ブロックチェーンのプライバシーソリューションを進めるエニグマ(Enigma)が2月20日、SEC(米国証券取引委員会)との和解とメインネットの立ち上げ成功を発表した。

2017年にエニグマはイニシャルコインオファリング(ICO)を行い、ENGトークンを販売し約4,500万ドル(約50億円)を資金調達した。SECはこのENGトークンは有価証券であるとしたが、エニグマからこのトークンについて提出されていないことが指摘されていた。

エニグマに50万ドルの罰金

SECボストン支社のジョン・T・デューガン(John T. Dugan)執行役員は、「すべての投資家は、伝統的な資産であろうと新規のものであろうと、証券の提供に関連して発行者から性格な情報を受取る権利がある」と述べている。

SECはエニグマに対し、50万ドル(約5,600万円)の罰金を科した。また、エニグマはICOでENGトークンを購入した投資家に資金を返還する請求プロセスに同意。さらに、ENGトークンを証券として登録し、SECに定期報告書を提出するとしている。

メインネットローンチ

エニグマはSECと和解とともに、2月13日にエニグマメインネットが正常に起動したことを発表した。長期間にわたるテストネットトライアル、エニグマのコミュニティとネットワークに属する20を超える独立したバリデーターによって運用される最初のメインネット立ち上げとなる。メインネットは、Cosmos SDK / Tendermintでサポートされるプルーフ・オブ・ステーク(PoS)ブロックチェーン。シークレット(Secret)という新しいネイティブコインにより支えられ、ネットワーク内でのステーキングと取引手数料の支払いに利用される。新しいチェーンは、イーサリアム(Ethereum)の代わりにエニグマのシステムのコンセンサスレイヤーとして機能する。

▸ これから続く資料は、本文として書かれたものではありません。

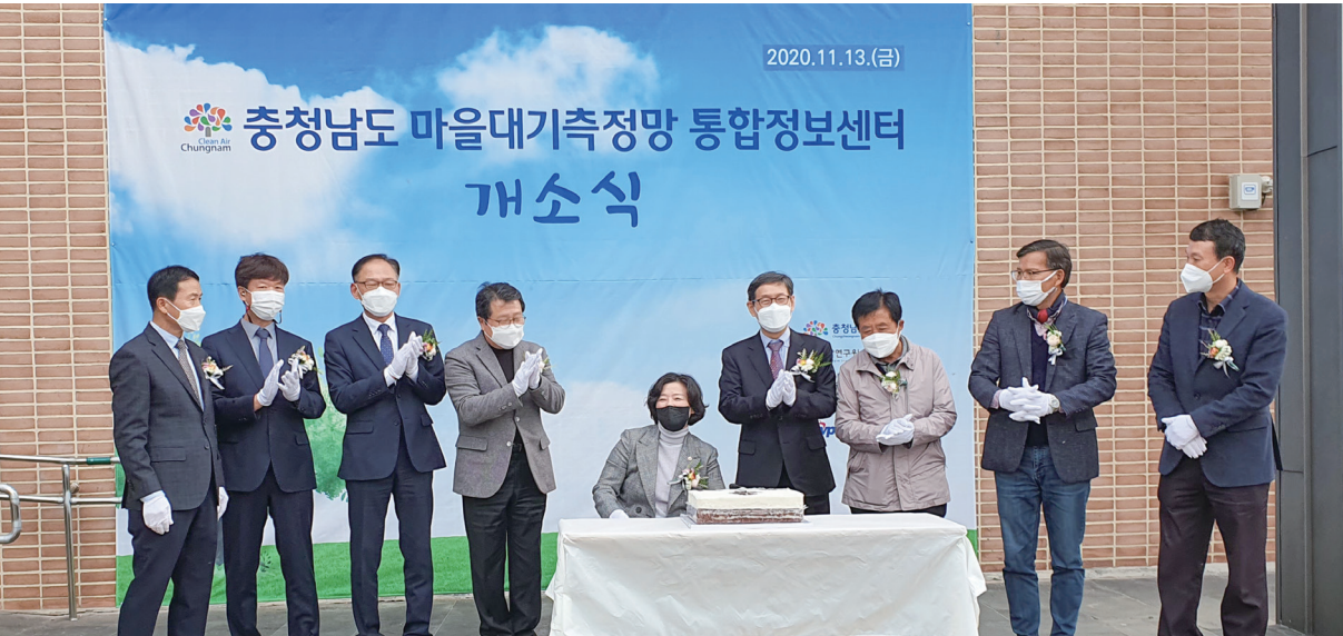
충남 마을대기촉정망 통합정보센터 개소식 - 서해안 기후환경연구소

먼저 민선 7기 도 정책지원 시스템 구축과 관련해서는 충청남도의 정책과 부합하도록 연구소 및 센터의 정책개발과 연구방향을 모색하고 있으며, 센터의 특성에 따라 정책 연구 및 정책 지원 역량 강화를 위한 시스템 구축을 위해 노력하고 있다. 다음으로 정책 연구 및 정책 지원 성과의 도민 환류 시스템 강화를 위해서는 센터의 현황 및 기능, 성과 등을 적극 홍보할 수 있는 시스템을 구축하기 위해 노력 중이며, 센터의 성과를 공유하기 위한 워크숍이나 세미나, 토론회 등을 개최하고 있다. 마지막으로 충남도의 조례에 근거하여 각 센터가 설치된 만큼 연구원 규정과 규칙 등과의 조화로운 협력을 위해 노력하고 있으며, 각 센터별 독립성과 연계성을 강화하기 위한 방안을 모색하고 있다.
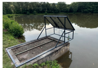
Solární prouzdusňovač - i přes parné léto, ryby vydržely
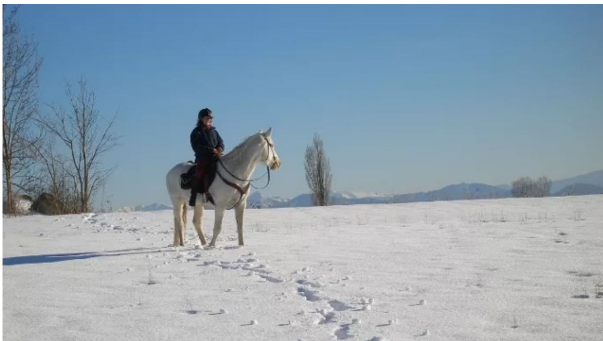
Figure 2 : « Profiter d'une randonnée équestre en montagne pour un Noël au sommet de la magie » [27]
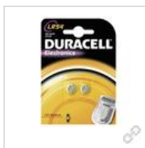
DURACELL LR54 B2 (große Karte)
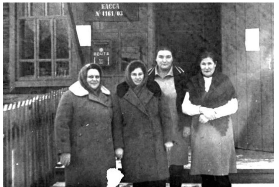
Коллектив почтового отделения села Черняево.
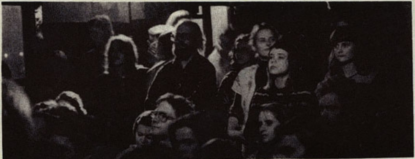
Andaktsfull stämning på klubben - Storg 3
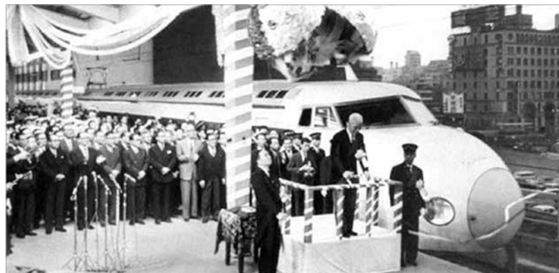
Az olimpiára időzítették a 300 kilométeres sebességre képes szupervasút, a Sinkansen első, Tokió és Oszaka közötti vonalának átadását

Nekünk magyaroknak több babér temett a távoli Ázsiában, mint Rómában. Kardozóink csodás hagyományát Pézsa Tibor ápolta tovább – igaz, csapatban 1928 óta először nem mi örülhettünk. Egyéb csapataink viszont remekeltek, hiszen női törben (ahol egyéniben Rejtő Ildikó nyert) és férfi párbajtörben is a magyar Himnuszot játszották el az eredményhirdetésnél. És vízilabdában valamint futballban is mi voltunk a császárok, bár Japánban ezzel nem így illett dicsekedni. Öttusában nem indulhatott a világbajnok Balczó András, de nélküle is született magyar arany, a későbbi sikerkapitány, Török Ferenc révén. A sportlövő Hammerl László ugyanezt a pályát járta be: olimpiai bajnokból bajnokok edzője lett. Birkózásban két nagy legendánk ért célba: az őstehetség Kozma István mellett végre aranyat akasztottak Polyák Imre nyakába. Ha valaki, ő megérdemelte: előzőleg három olimpián volt második.
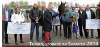
TUMIKKA, SEGRARE AV SVAMPEN 2014

INFORMATION: Claes Broberg, sportchef 073-840 88 18

システムには、オンチェーンガバナンス、委任、インフレーション、スラッシュなど検証者によって提案された変更が組み込まれる。メインネット開始時には完全な秘密契約機能(シークレットコントラクト)は利用できなかったため、エニグマのコアチームは将来的にハードフォークとチャネル化された投票システムを介して、秘密契約機能を統合することに専念するとしている。

エニグマの稼働状況は、メインネットのブロックチェーンエクスプローラーにて詳細を確認することができる。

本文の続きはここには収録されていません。